Data provided: Begin
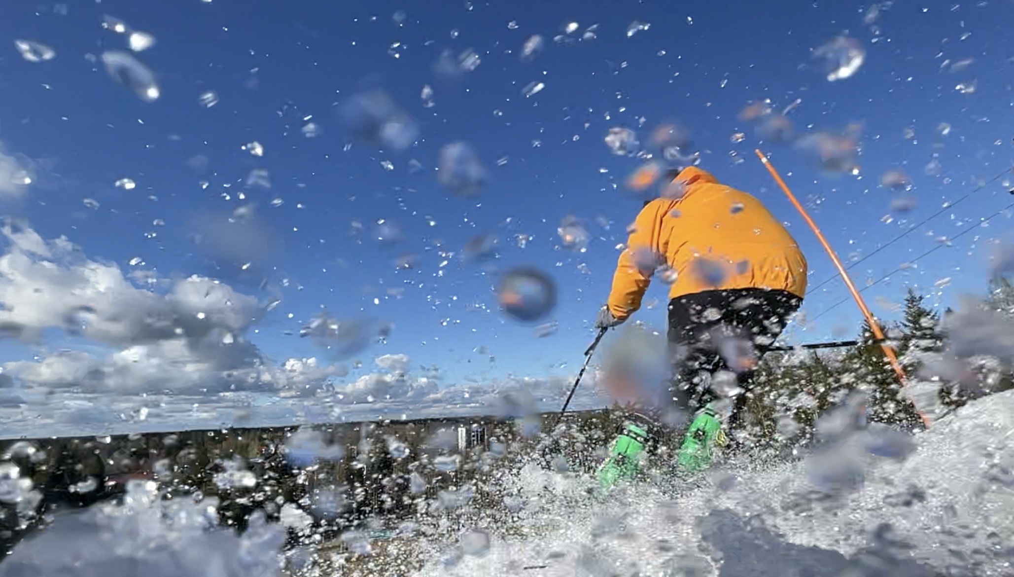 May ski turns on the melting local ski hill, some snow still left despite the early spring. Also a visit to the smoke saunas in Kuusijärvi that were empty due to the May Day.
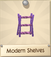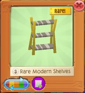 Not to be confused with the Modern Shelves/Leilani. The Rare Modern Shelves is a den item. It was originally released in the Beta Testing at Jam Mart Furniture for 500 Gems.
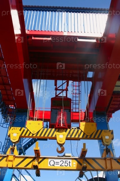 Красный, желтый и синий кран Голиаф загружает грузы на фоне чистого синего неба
Data provided: End
Everything above except the pictures needs to be reproduced exactly.

Answer to this exercise:
 May ski turns on the melting local ski hill, some snow still left despite the early spring. Also a visit to the smoke saunas in Kuusijärvi that were empty due to the May Day.
 Not to be confused with the Modern Shelves/Leilani. The Rare Modern Shelves is a den item. It was originally released in the Beta Testing at Jam Mart Furniture for 500 Gems.
 Красный, желтый и синий кран Голиаф загружает грузы на фоне чистого синего неба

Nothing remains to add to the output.